The judge said of the insurance scam: "It was from beginning to end a pack of lies.

"This was an organised, sophisticated, carefully-designed plan that came close to working.

"Had Tanzania not been flagged as a high-risk country (for insurance fraud) it is reasonable to suppose you might have got away with it.

"Honesty in the insurance claims process is imperative, else the whole insurance system is at risk.

"There is a role for deterrent sentencing."

The judge added that Kasim, then aged 17, had been a necessary "pawn in this game" with his mother acting as the directing force of the fraud.

Judge Edis said he was not ashamed of the "lenient" sentence being handed to the teenager, telling him: "You could not complain were I to send you to a young offenders' institution.

"You were fed a script and parroted it.

"You were in effect certifying somebody dead who you knew to be alive."

City of London Police, which investigated the attempted fraud, said Nassib returned to the UK in February this year.

Speaking after the case, Detective Constable Daryl Fryatt, said: "Nassib and Kasim exploited the insurance industry for their own monetary gain, going to great lengths to try and avoid detection.

"Nassib moved her entire life abroad simply to try and avoid the consequences of faking her own death."

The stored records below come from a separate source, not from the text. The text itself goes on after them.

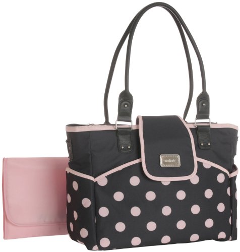 Carters Allover Dot Flap Tote - Grey / Pink Carters Bold Dot and Solid Tote Diaper Bag. Grey Solid with Pink Dots makes a fashion statement on the flap close tote. Top Zip opens to a spacious main compartment featuring 2 mesh storage pockets, divided storage compartment and Zip Close Pocket for secure storage. A front asymmetrical pocket is held closed by the front flap with magnetic closer and Metal Carters Logo Plate. 2 Side Pockets and 1 Back Pocket offer easy access to all of mom's and babies everyday needs. Double Top Handles with Metal Loops and Trim, and attached Stroller Loops allow for comfortable and convenient carrying options. A Diaper Changer Pad is included. Product Dimensions: 17"x 12" x 6.5" 0 |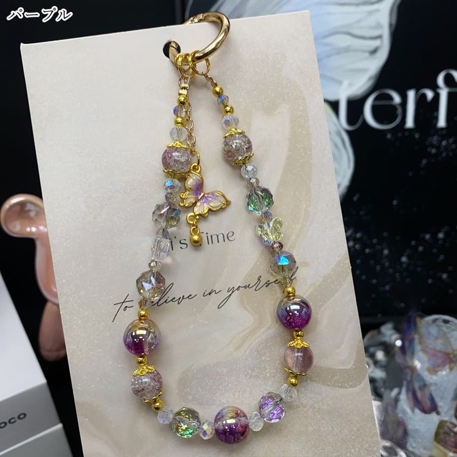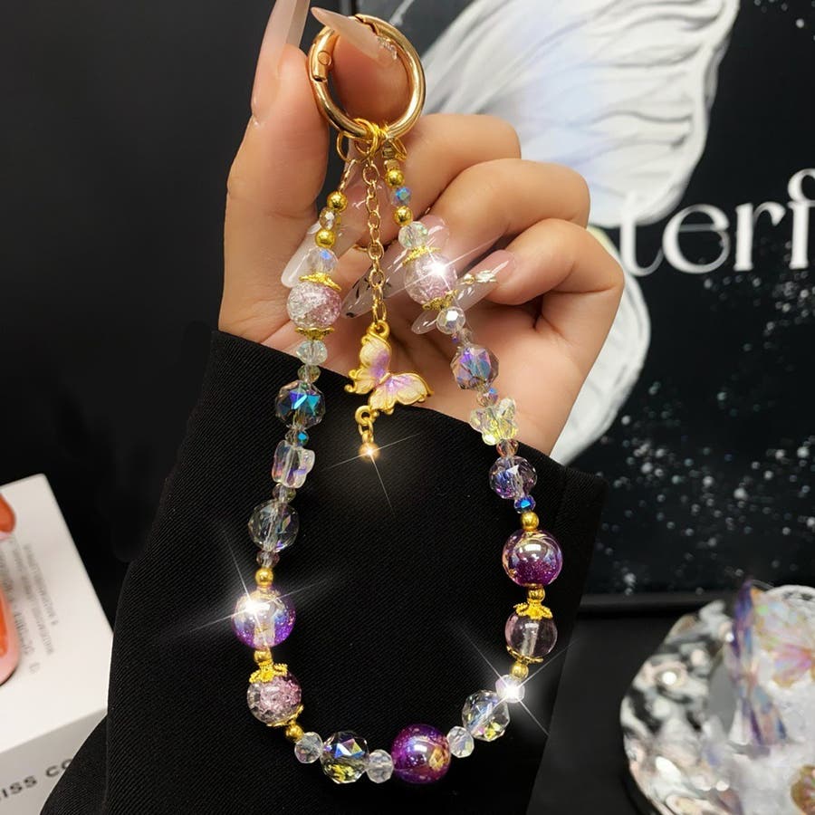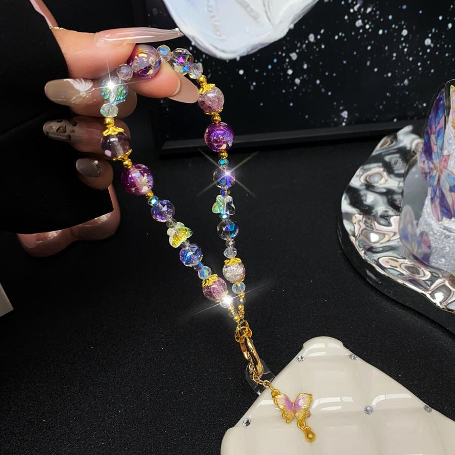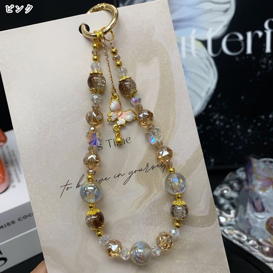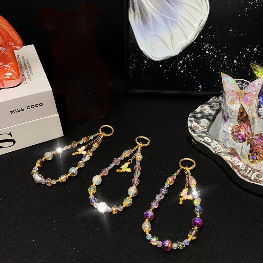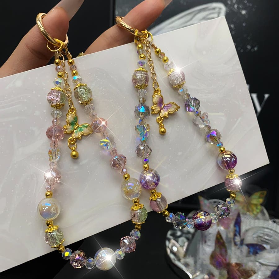 大きめのビーズや、蝶のチャームがとってもキュート。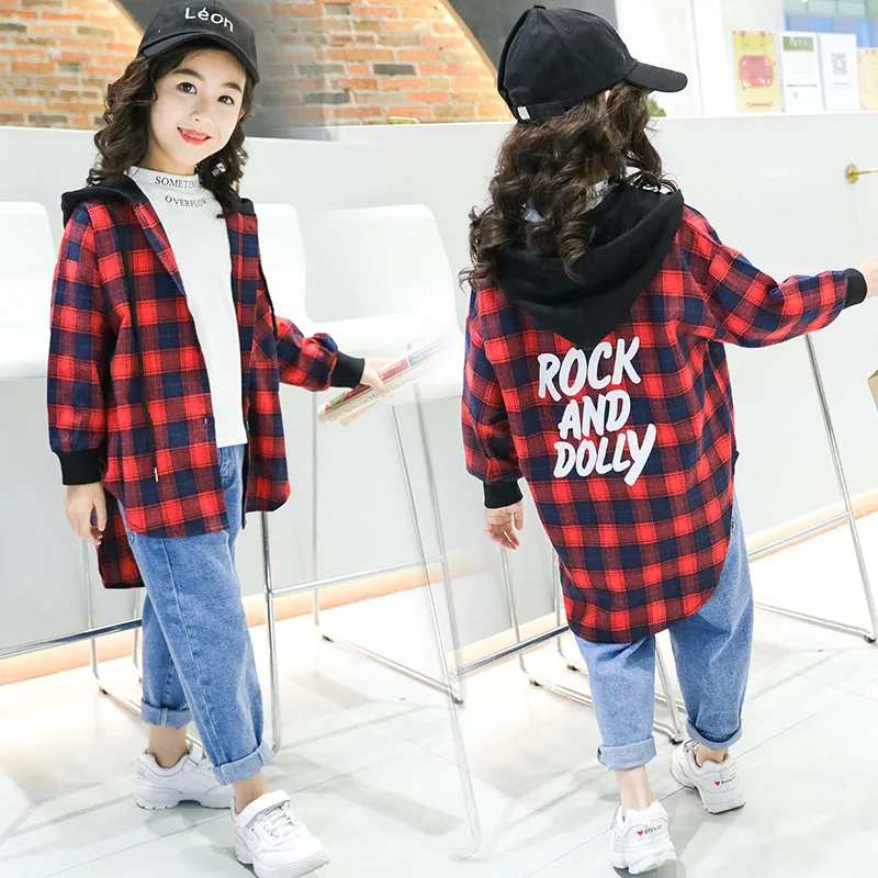 Модная Осенняя блузка для девочек, Рубашки классические красные рубашки в клетку с длинными рукавами для девочек, школьные топы и блузки дл...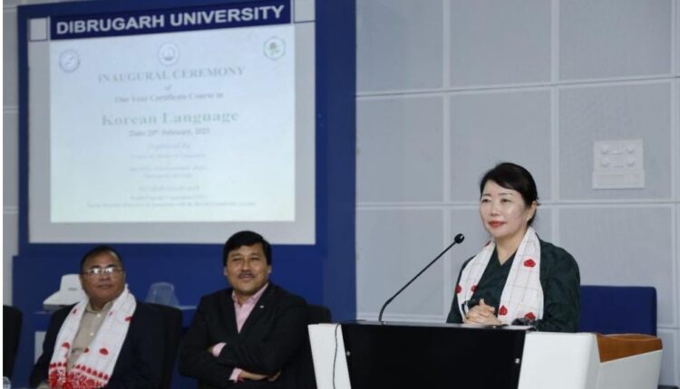 উজনি অসমৰ অন্যতম উচ্চশিক্ষাৰ প্ৰতিষ্ঠান ডিব্ৰুগড় বিশ্ববিদ্যালয়ত আৰম্ভ হৈছে কোৰিয়ান ভাষা শিক্ষণৰ এবছৰীয়া চাৰ্টিফিকেট পাঠ্যক্ৰমৰ। আজি অনুষ্ঠিত এখন গাম্ভীৰ্যপূৰ্ণ সভাত এই শিক্ষণ কাৰ্যসূচীৰ শুভাৰম্ভনি ঘটোৱা হয়। ডিব্ৰুগড় বিশ্ববিদ্যালয়ৰ উদ্যোগত আৰু গুৱাহাটীস্থিত বৰাহী ফাউণ্ডেশ্যনৰ সহযোগত কোৰিয়াৰ চেজংস্থিত ‘ৱৰ্ল্ড ফ্ৰেগ্ৰান্ট ক’ৰ্পোৰেশ্যন’ এ ( World Fragrant Cooperation) এই এবছৰীয়া শৈক্ষিক কাৰ্যসূচী ৰূপায়ণ কৰিব।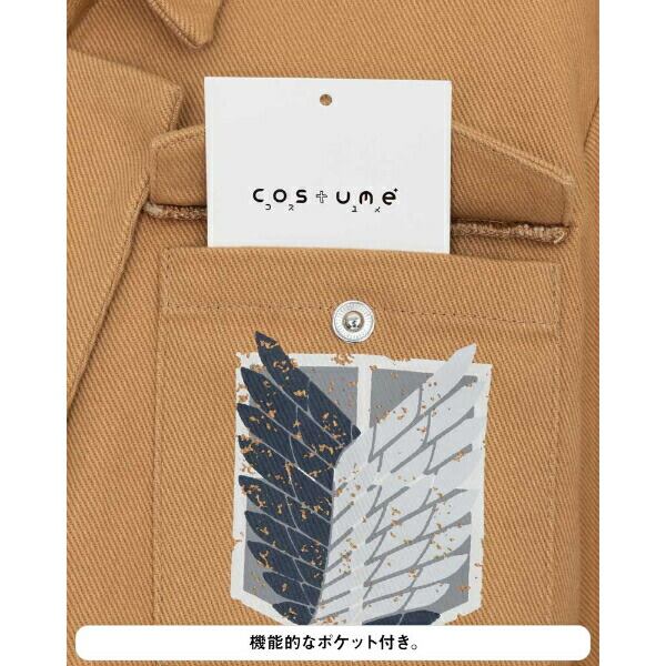 TVアニメ『進撃の巨人』のリヴァイが着ている“調査兵団”のコスチュームセットです!ブーツカバーはお手持ちの靴にかぶせてご使用いただく仕様です。ハロウィン、学園祭、新年会、忘年会様々なシーンで活躍間違いなし!?ハロウィン、学園祭、新年会、忘年会様々なシーンで活躍間違いなし!?【セット内容:ジャケット、リヴァイのシャツ、リヴァイのスカーフ、腰布、固定ベルト付きパンツ、ブーツカバー】【サイズ目安:身長:167〜175 チェスト:88〜96 ウエスト:76〜84 ヒップ:86〜92(cm)仕上がり寸法…ジャケット着丈:約40 パンツ脇丈:約100(cm) 】※ウィッグ、靴はセットに含まれません。プリント面にはアイロンをあてないでください。汚れた場合は、取り扱い絵表示に従い、洗濯してください。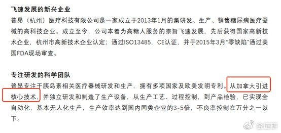 据认证主体为普昂医疗的微信公众平台“普昂Promisemed”于2019年5月7日发布的内容,普昂医疗成立于2013年,专注于胰岛素相关医疗器械研发和生产,拥有多项国家及欧美发明专利,从加拿大引进核心技术,并独立研发和制造了生产设备。

A Scottish Widows spokesperson said: "We have robust fraud prevention measures which enabled us to identify this fraud quickly and refer it to the City of London Police's Insurance Fraud Enforcement Department."

Lesley Milner, Senior Crown Prosecutor with West Midlands Crown Prosecution Service, said: “The Crown Prosecution Service is working with law enforcement and investigatory agencies to robustly prosecute those who commit these offences.

"Such frauds have an impact on all of us and are not victimless crimes as some might suggest.

“This was a well-planned attempt by a mother and son to defraud an insurance company out of a large sum of money.

"They went to great lengths to succeed with the fraud, obtaining documents on headed notepaper and a forged death certificate.

"However, investigations revealed that Arafa Nassib had never been admitted to the hospital and was, in fact, alive and living in Canada.

“The extensive investigations by the insurance company and police resulted in a strong case evidentially and guilty pleas from both defendants.”